Syracuse University Chancellor Kent Syverud said in an interview with The Daily Orange this fall that his main concern is for the improvement of accessibility to the campus. He said either option could work to accomplish that, “but not if there’s a chokepoint of access at Harrison and (East) Adams streets that is somewhat of a nightmare currently.”

Syverud added that, regardless of which option is chosen, he would like to see an enhanced connection among SU’s neighborhood, the downtown neighborhood and other neighborhoods.

“So I can live with either option but I want either one to have elements that improve access to campus and improve connections,” he said.

Included in both of those options is a “missing link” feature of the viaduct project, which consists of connecting I-690 west to I-81 north with a new set of ramps. A resolution was unanimously approved at Monday’s Common Council meeting calling on New York state Gov. Andrew Cuomo to direct the NYSDOT to rethink that part of the plan.

Councilor Joseph Nicoletti said the missing link feature has the potential to serve as a divider on the north side and Councilor Joseph Carni said it could potentially “destroy everything that’s been done” to improve that area of the city.

“I truly hope that the DOT comes back, looks at this and presents us with options without (the missing link),” Carni said at the meeting.

Gary Holmes, director of the communications office for the NYSDOT, said in a statement that the NYSDOT is “committed to analyze” the missing link feature moving forward.

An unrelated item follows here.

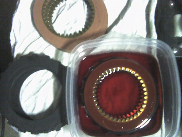 I got the TCI kit and am about 30% done building the tranny. Here is a quick pic I took of the clutches and plates soaking in ATF.

“While that analysis will not be included as part of the draft environmental impact statement, there will be open dialogue … on the transportation solutions in the area before the final version of the environmental impact statement,” he said.

After the draft environmental impact statement is made available in January, there will be follow-up public hearings that will give community members additional opportunities to submit feedback.

Based on that feedback and further analysis of the social, environmental and economic impacts of the options, a preferred alternative and a record of decision will be made by the NYSDOT, Cilento said.

“Sometime after that, when money becomes available, construction will begin,” he added.